= Lauren Fagan =

Australian operatic soprano

Lauren Fagan is an Australian operatic soprano, internationally known for performances in notable productions. A nominee for Young Singer of the Year in the 2018 International Opera Awards, she won the 2019 Dame Heather Begg Memorial Award to support the development of emerging opera singers from Australia or New Zealand.

== Biography ==

=== Early life and education ===
Fagan grew up in Sydney, and received a business degree in Australia, before studying at London's Guildhall School of Music and Drama, and joining The Royal Opera's Jette Parker Young Artists Programme. During her training, she performed the role of Micaëla in Bizet's Carmen, the title role in Janáček's Jenůfa, the Marschallin in Strauss's Der Rosenkavalier, Natascha in Prokofiev's War and Peace, Vitellia in Mozart's La Clemenza di Tito, Alice in Verdi's Falstaff, Fiordiligi in Mozart's Così fan tutte, and the First Lady in Mozart's The Magic Flute.
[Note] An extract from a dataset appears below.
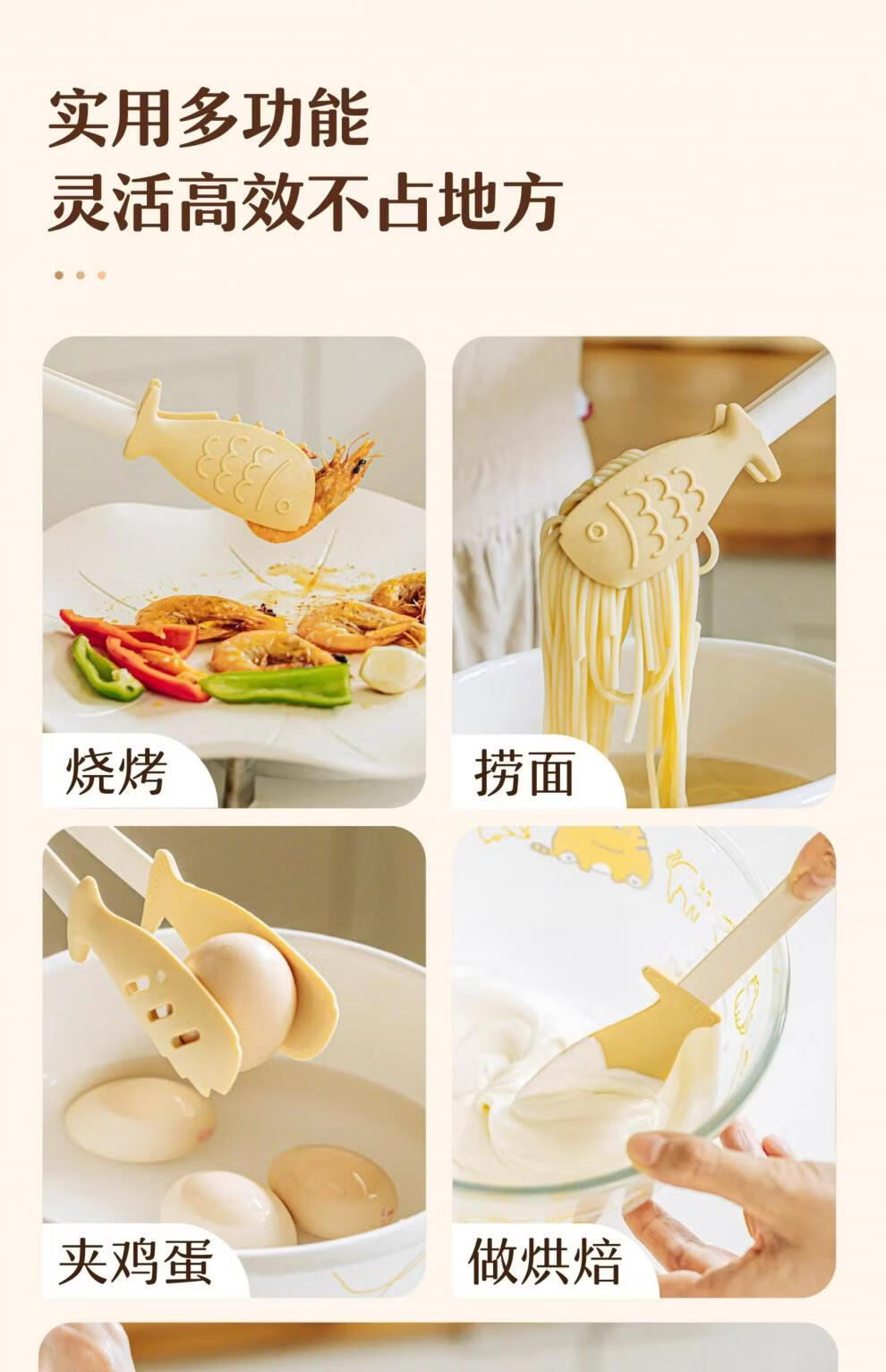 WALPHIN Clips Kitchen Fish Duoduo Clips Kitchen Barbecue Food Food Clamps Cooking Sub-Foods High Temperature Resistant Silicone BBQ 2-piece Set Fish Duoduo + Delicatessen Scissors

Toward the end of her studies, she was a member of the Glyndebourne Festival Choir, where she sang in Tchaikovsky's Eugene Onegin, and Mozart's Don Giovanni, and performed the role of Annina in La Traviata. She also played the role of Lia in Debussy's L'enfant prodigue at the Barbican Centre, the Blue Fairy in Jonathan Dove's The Adventures of Pinocchio, participated in the Banff Summer Arts Festival in Canada as Mrs. Coyle in Britten's opera Owen Wingrave, sang Frasquita in Bizet's Carmen, and took part in the Australian premiere of Jake Heggie's opera Dead Man Walking.

=== Career ===
From 2014 to 2016, Fagan participated in the Jette Parker Young Artists Programme at the Royal Opera House in London. During this time, she performed roles such as Oscar in Verdi's Un ballo in maschera, Giulia in Rossini's La scala di seta, Gianetta in Donizetti's L'elisir d'amore, the Girl in Weill's Rise and Fall of the City of Mahagonny, Papagena in Mozart's The Magic Flute, Lila in David Bruce's The Firework-Maker's Daughter, the Lover in Puccini's Il tabarro, Sister Genovieffa in Puccini's Suor Angelica, and Ines in Verdi's Il trovatore. During this period, she worked with conductors such as Nicola Luisotti, Gianandrea Noseda, Sir Mark Elder, Daniel Oren, Christian Curnyn, Cornelius Meister, Daniele Rustioni, and Ivor Bolton.

In the 2016/2017 opera season, she made her debut as Musetta in Puccini's La Bohème with the Welsh National Opera throughout the UK and on tour in Dubai. She also sang Donna Anna in Mozart's Don Giovanni for Opera Holland Park in London and at the 2016 Verbier Festival.

In the 2017/2018 season, she performed as Roxana in concert performances of Szymanowski's Król Roger at the Accademia Nazionale di Santa Cecilia in Rome, conducted by Sir Antonio Pappano. She also performed Donna Elvira in Mozart's Don Giovanni with the NHK Symphony Orchestra under Paavo Järvi, sang Agnès in George Benjamin's Written on Skin with the Melos Sinfonia under Oliver Zeffman in London and St. Petersburg, and returned to Opera Holland Park in London for her debut as Verdi's heroine Violetta in La Traviata.